Wearable inertial sensors have been explored for managing and monitoring diseases, including sarcopenia, multiple sclerosis, Duchenne muscular dystrophy, and Parkinson’s disease, in order to reduce clinical visits [3, 4]. Furthermore, smartphone-derived metrics have been correlated with clinical endpoints in posttraumatic stress disorder, depression, and cachexia [5]. Similarly, the multi-sensor components of smartphones, including accelerometer, gyroscope, and barometers, have already been utilized for monitoring physical movement [6]. Changes in voice features – which have fine motor components [7] – have been associated with a number of medical conditions, including Parkinson’s disease [8], attention deficit/hyperactivity disorder [9], bipolar disorder [10], and functional dysphonia [11], offering additional remote monitoring opportunities to evaluate patient symptoms [12]. Here, we assess several consumer-grade wearable systems comprised of a smartwatch and smartphone worn in the lumbar position as well as pressure insoles against traditional gold-standard assessments in the performance of scripted movement and speech tasks. We compare assessments between metrics on different devices as well as evaluate wearability.
Materials and Methods
Experimental Protocol
Forty healthy participants aged 18–65 years (age: 34.8 ± 10.2 [20–58], gender: 21 female, 19 male; level of education: 11 college graduates, 27 postgraduates, 1 high school graduate, and 1 did not respond) performed a battery of scripted tasks while wearing inertial sensors during a single 60-min in-laboratory assessment. Demographics, including age, sex, weight, height, handedness, body mass index, and education level, were collected (online suppl. Fig. 1, see www.karger.com/doi/10.1159/000503282 for all online suppl. material). Each participant underwent assessment with the Edinburgh Handedness Scale (EHI) short form (3 patients were left handers, 34 right handers, and 3 ambidextrous [13, 14]) and completed the Mobile Device Proficiency Questionnaire (MDPQ) (score, 75.63 ± 4.69 [64–80]) [15]. Participants wore 1 Apple Watch Series 3TM (Watch iOS 4.3) on each wrist, 2 iPhonesSM 8 Plus (iOS 11) placed in an elastic sports band at approximately the 4th lumbar vertebrae level, and Moticon pressure insoles [9, 16] in both shoes and performed a 14-m walk (with 1 turn) captured on a 7-m GaitRite® gait mat [8] (online suppl. Fig. 2). The phone and watch ran a Sensor Data Capture (SDCapture) application (version 3.0.7) (Fig. 1). This application was designed to extract the raw inertial sensor data from the Apple Watch and iPhone. Participants repeated the walk without insoles while still wearing the watches and phones.
Fig. 1.
Sensor Data Capture or “SDCapture” is an application that can be used to gain access to device sensors: Raw Accelerometer, Processed Device Motion, Raw Gyroscope (phone only), and Raw Magnetic Field (phone only) of the iPhone and Apple Watch. The app organizes data into “experiments” to allow for file export. Screen shots of the iPhone and Apple Watch screens show how these activities were selected during the study. a Create an experiment with a name, countdown, set of activities, sensors, and auto-recording. b Enable specific sensors and configure sampling rates. c After the experiment is created, the user is brought back to the list. d Send the session to the watch and choose an activity. The activity chosen must be the same on both the watch and phone. e Start and stop recording on each device.
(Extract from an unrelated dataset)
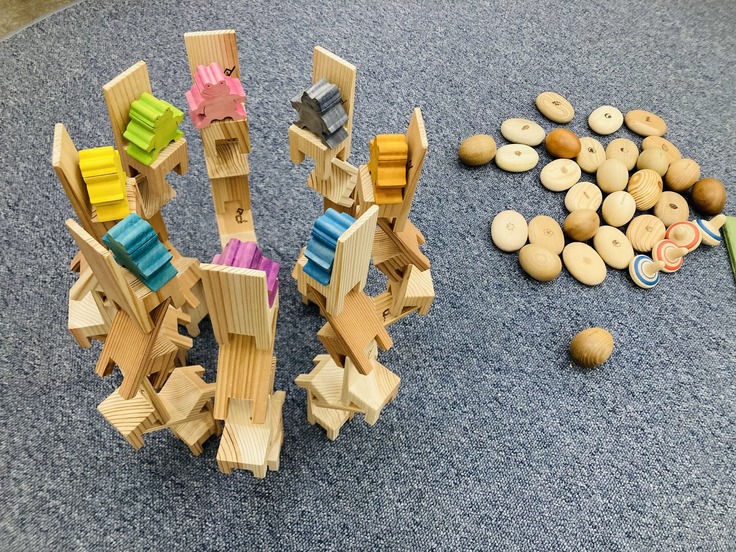 私自身も「てるぺん」という椅子のおもちゃで遊んでいたら、後で「てるぺん」のサークルの上に「かえるくん」たちがやってきて、何やら会議をしているように見えました。この後、サークルが崩れては違う形になったりしていて、その変化の過程を見ているのがとてもおもしろかったです。
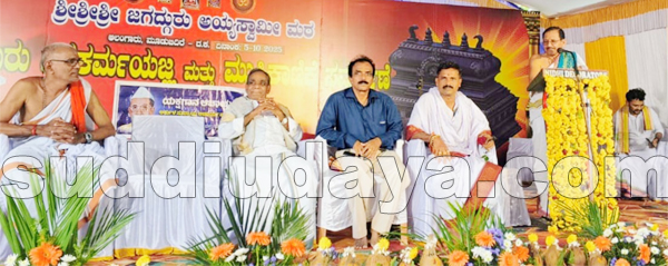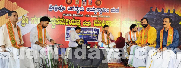 ಗೇರುಕಟ್ಟೆ: ಶ್ರೀ ಜಗದ್ಗುರು ಅಯ್ಯ ಸ್ವಾಮಿ ಮಠ ಆಲoಗಾರು ಮೂಡಬಿದಿರೆ ಪುನರ್ ನಿರ್ಮಾಣ ಜೀರ್ಣೋದ್ಧಾರದ ಪ್ರಯುಕ್ತ ನಡೆದ ಶ್ರೀ ಗುರು ಮತ್ತು ವಿಶ್ವಕರ್ಮ ಯಜ್ಞದ ಶುಭಾವಸರದಲ್ಲಿ ಅಲಂಗಾರಿನ ಪಾಲ್ಕೆ ಬಾಬುರಾಯ ಆಚಾರ್ಯ ವೇದಿಕೆಯಲ್ಲಿ ಗೇರುಕಟ್ಟೆಯ ಅರ್ಕುಳ ಸುಬ್ರಾಯ ಆಚಾರ್ಯ ಪ್ರತಿಷ್ಠಾನದಿಂದ ಕರ್ನಾಟಕ ರಾಜ್ಯೋತ್ಸವ ಪ್ರಶಸ್ತಿ ಪುರಸ್ಕೃತ ಬಡಗುತಿಟ್ಟಿನ ಪ್ರಸಿದ್ಧ ಕಲಾವಿದ ತೀರ್ಥಹಳ್ಳಿ ಗೋಪಾಲ ಆಚಾರ್ಯ ಇವರಿಗೆ ಅರ್ಕುಳ ಪ್ರಶಸ್ತಿ ಪ್ರಧಾನ ಮಾಡಲಾಯಿತು.

If auto-recording is enabled, pressing the recording controls on one device will also fire the same action on the other automatically.
Participants were then given the iPhone and a Zoom mic H2n Field Recorder and were asked to record several voice tasks, including sustaining vowels /e/, /i/, and /o/, while seated. At the end of the visit, they completed a wearability questionnaire.
Gait Analysis
Gait was analyzed by isolating individual gait task data segments, using task start and end times from the gait mat. GaitRite® Software (version 4.8.5) [8] and Moticon SCIENCE Software (version 01.11.00) [9, 16] provided gait metrics for each recognized footfall, including step time, step length, and stride velocity. Stride, swing, and stance time and double support were derived [17] (online suppl. Fig. 3).
Spatial and temporal gait characteristics were extracted from the iPhone’s single lumbar mounted tri-axial accelerometer using a wavelet-based inverted pendulum model algorithm [18]. Our algorithm was designed to utilize only the accelerometer, unlike other algorithms which also utilize a gyroscope [19], in order to reduce sensor size and preserve battery life. Using this method, heel strike and toe off events were determined for each step by Gaussian continuous wavelet-based transformations of the raw vertical accelerometer signal. Extraneous event detections outside physiologically realistic boundaries were filtered out via an optimization procedure. Temporal characteristics, including step, stride, swing, and stance times, were calculated from the remaining detected steps. Sensor height estimates and vertical displacement of the center of mass, extracted from vertical acceleration data, established spatial characteristics of gait [20]. The median of all metrics was computed for the walk task. The first 10 participants experienced technical data capture issues with the SDCapture app’s ability to communicate with the location services of the iPhone. Thirty participants had lumbar accelerometer data that was used in the final analyses.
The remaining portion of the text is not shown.